Metadata-Version: 2.1
Name: ClassifAIer
Version: 0.1.6
Summary: A library for text classification using LangChain embeddings and scikit-learn classifiers.
Home-page: https://github.com/AimTune/ClassifAIer
Author: Hamza Agar
Author-email: hamzaagareng@gmail.com
Classifier: Programming Language :: Python :: 3
Classifier: License :: OSI Approved :: MIT License
Classifier: Operating System :: OS Independent
Requires-Python: >=3.7
Description-Content-Type: text/markdown
License-File: LICENSE

# ClassifAIer

![coverage](https://img.shields.io/badge/coverage-95.83%25-green)
![tests](https://img.shields.io/badge/tests-7-blue)
![test_ratio](https://img.shields.io/badge/test_ratio-%25-yellow)

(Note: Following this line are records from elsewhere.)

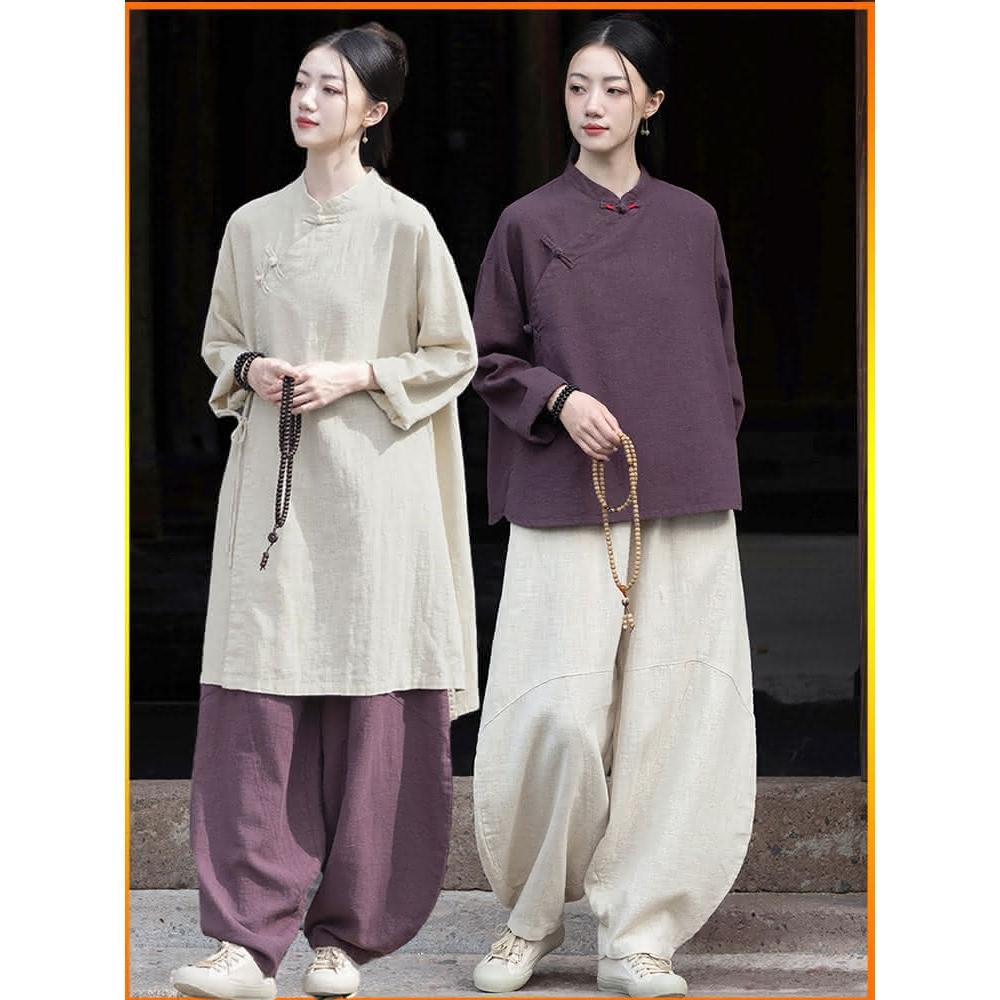 四季風家居 修行禪服女佛禪意女裝棉麻套裝素衣中式斜襟上衣寺院居士服女款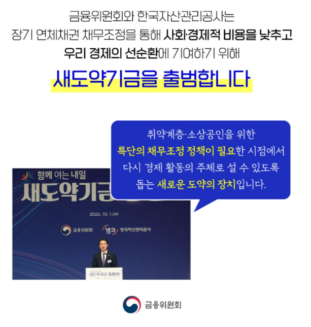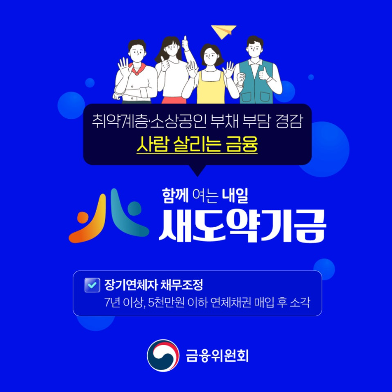 🔖새도약기금 🔖채무조정 🔖취약계층지원 🔖소상공인지원 🔖채무소각 🔖연체채권매입 🔖서민금융 🔖보이스피싱주의 🔖채무감면 🔖재기지원 🔖상환능력심사 🔖분할상환 🔖저금리대출 🔖경제선순환 🔖새도약정책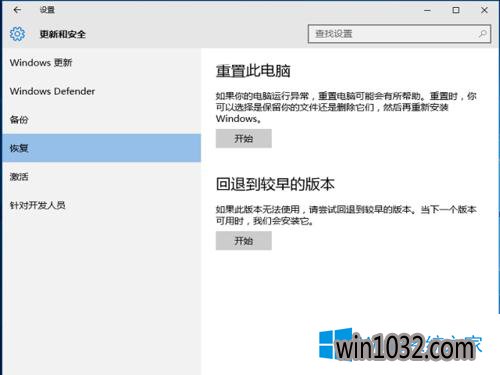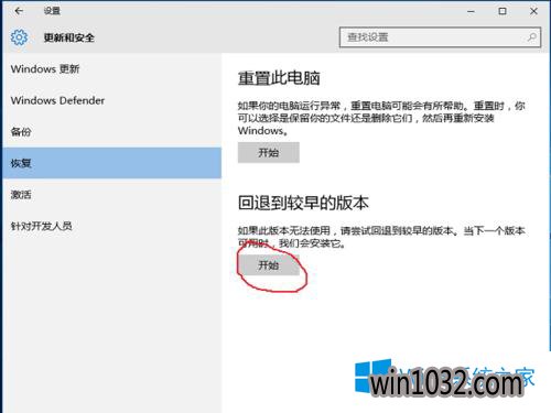 4、选中恢复后,右方有两个选中,一个为重置此电脑,这一项是为重装windows10使用的,二为回退到较早的版本,就是大家此行的目的,选中下方的开始。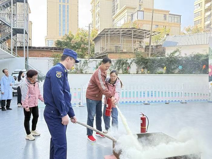 應(yīng)急疏散默契協(xié)作,共筑“生命通道”。隨著消防警報驟然響起,逃生演練正式啟動。老師們迅速到位,一邊安撫學(xué)員情緒,一邊協(xié)助他們用濕毛巾捂住口鼻,彎腰沿墻快速疏散。過程中,一名學(xué)員略顯緊張,老師立刻上前扶住他的肩膀,輕聲鼓勵:“別急,跟我慢慢走。”在全體工作人員細心引導(dǎo)下,所有學(xué)員安全、有序撤離至指定集合點,全程忙而不亂、默契高效。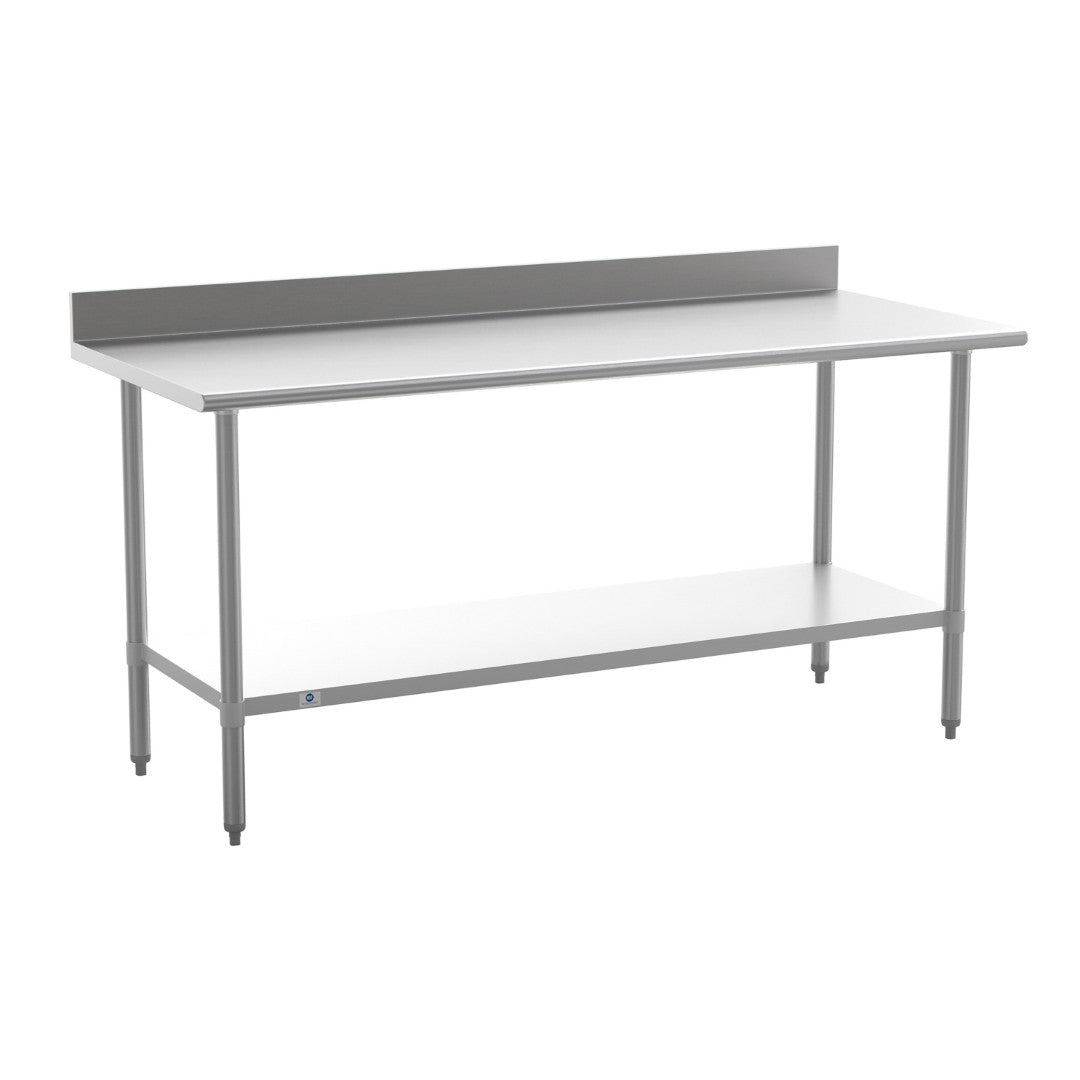 Upgrade your commercial kitchen with a durable, sanitary workspace designed for heavy use and easy maintenance. This stainless steel prep and work table combines NSF-certified construction, practical storage, and a protective backsplash to streamline food preparation and cleanup in busy restaurants, cafes, bakeries, and other foodservice environments.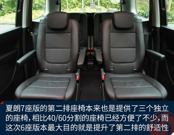 當(dāng)然作為這次新增的車款,我們還是要重點(diǎn)介紹一下夏朗6座版相對(duì)于7座版的區(qū)別。首先要說明的是夏朗7座版的第二排座椅本來也是提供了三個(gè)獨(dú)立的座椅,相比40/60分割的座椅已經(jīng)方便了不少,而這次提供的6座版本最大目的就是提升了第二排乘客的舒適性。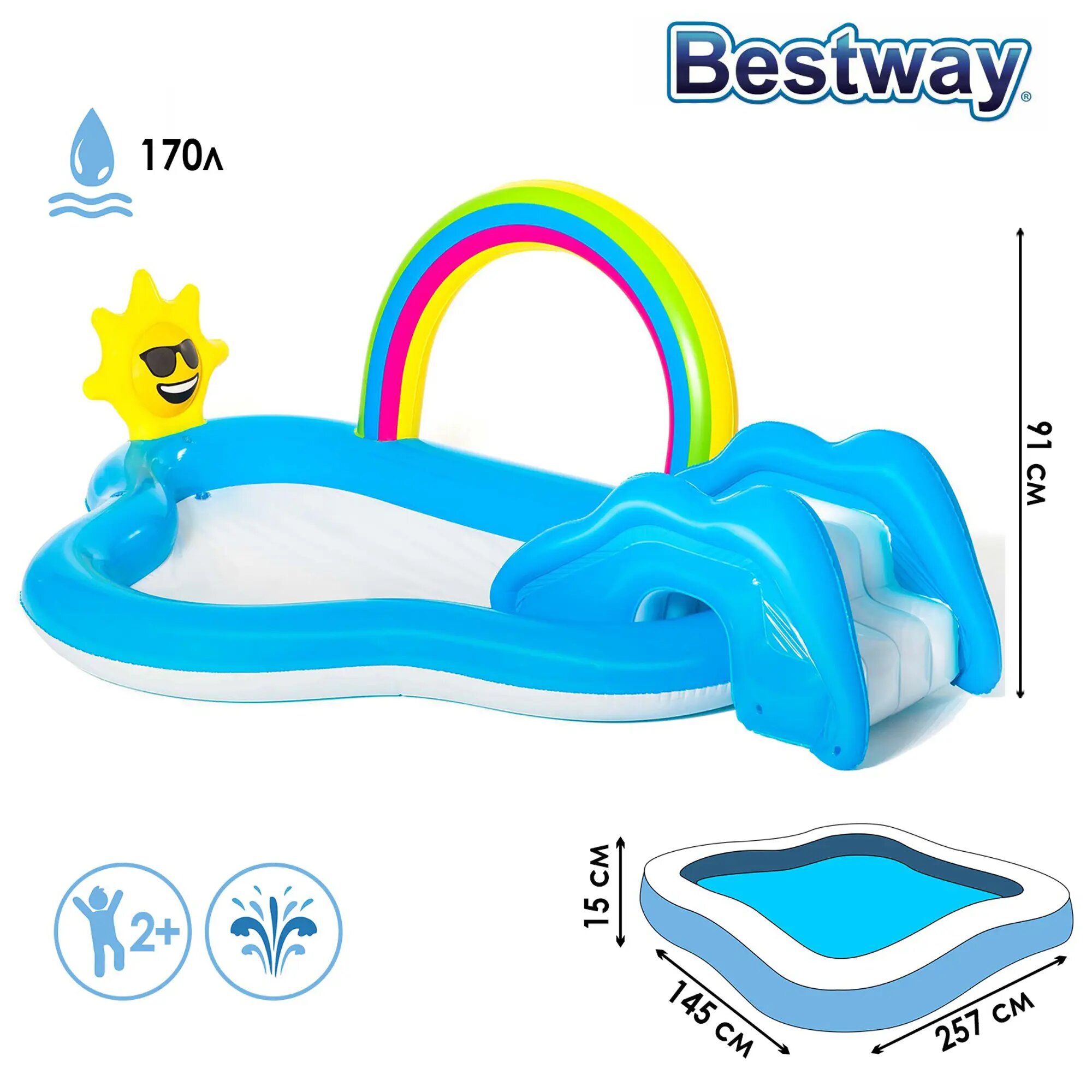 Игровой центр-бассейн Bestway, 257х745х91 см, Радуга и брызги, 53092, 170 л, с разбрызгивателем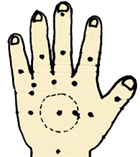 ∞ (揉)太阳:眉梢与外眼角之间向后约一横指的凹陷处,(一横指的意思是:指一“食指”的宽度,也就是食指的直径长度)即太阳穴。用双手中指罗纹面用力或双手大拇指罗纹面用力,从下向前再向上往后揉圈运动为补法。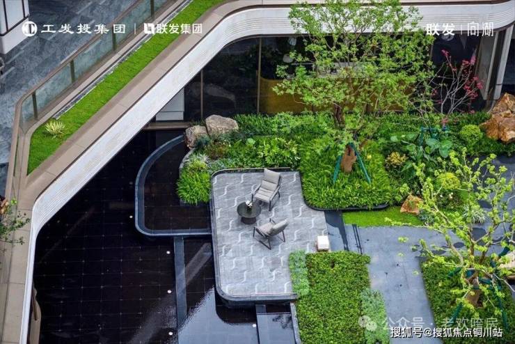 与之相连的立体下沉庭院,更像一座“流动的自然美术馆”。三层立体景观是设计的灵魂,上层是开阔的景观会客厅,中层是错落生长的绿植,下层黑金沙石材铺就的叠水巷道,垂直布局如同一幅立体画卷。

ClassifAIer is a Python library that combines **scikit-learn** classifiers with **LangChain** embedding libraries, enabling seamless text classification using embeddings from large language models. This library offers a user-friendly interface, allowing you to classify text data in a human-like manner.

## Features

- **Embedding Support**: Ability to work with embeddings from large language models like OpenAI and compatible with embeddings supported by LangChain.
- **Parametric Classifiers**: Compatibility with a wide range of classifiers from `scikit-learn` (e.g., `RandomForestClassifier`, `KNeighborsClassifier`, etc.).
- **Easy to Use**: Simplifies text classification tasks with a user-friendly API.
- **Save and Load**: Allows you to save and reload trained models for reuse.

## Requirements

To use this library, you need Python 3.7 or higher. The required packages will be automatically installed when you install this library.

- scikit-learn
- langchain-core
- langchain
- numpy

## Installation

You can install the required libraries using the following command:

```bash
pip install ClassifAIer
```

## Usage

```python
from classifaier import ClassifAIer
from langchain.embeddings import OpenAIEmbeddings
from sklearn.ensemble import RandomForestClassifier

# Initialize the embedding provider
embedding_provider = OpenAIEmbeddings(api_key='YOUR_API_KEY')

random_forest_classifier_params = {
    "n_estimators": 100,
    "max_depth": None,
    "min_samples_split": 2,
    "min_samples_leaf": 1,
    "random_state": 42
}

random_forest_classifier = RandomForestClassifier(**random_forest_classifier_params)

# Create a classifier instance
classifier = ClassifAIer(embedding_provider=embedding_provider, classifier=random_forest_classifier)

# Prepare your data
texts = ["İspanya Birinci Futbol Ligi (La Liga) ekibi Athletic Bilbao, golcü oyuncusu Aritz Aduriz'in sözleşmesini bir yıllığına uzattı.", "Piyasalar ABD'nin enflasyon verilerine odaklandı."]
labels = ["spor", "ekonomi"]

# Train the model
classifier.fit(texts, labels)

# Make predictions
predictions = classifier.predict_all(["Fildişi Sahili Milli Takımı'nın Belçikalı teknik direktörü Marc Wilmots görevinden ayrıldı.", "Borsa, günü yükselişle tamamladı"])
print(predictions)  # Output: ['spor', 'ekonomi']

# Save the model
classifier.save("my_classifier.pkl")

# Load the model
loaded_classifier = ClassifAIer.load("my_classifier.pkl", embedding_provider)
```

## Contributing

Contributions are welcome! If you have suggestions or improvements, please create a pull request or open an issue.

## License

This project is licensed under the MIT License. See the [LICENSE](LICENSE) file for details.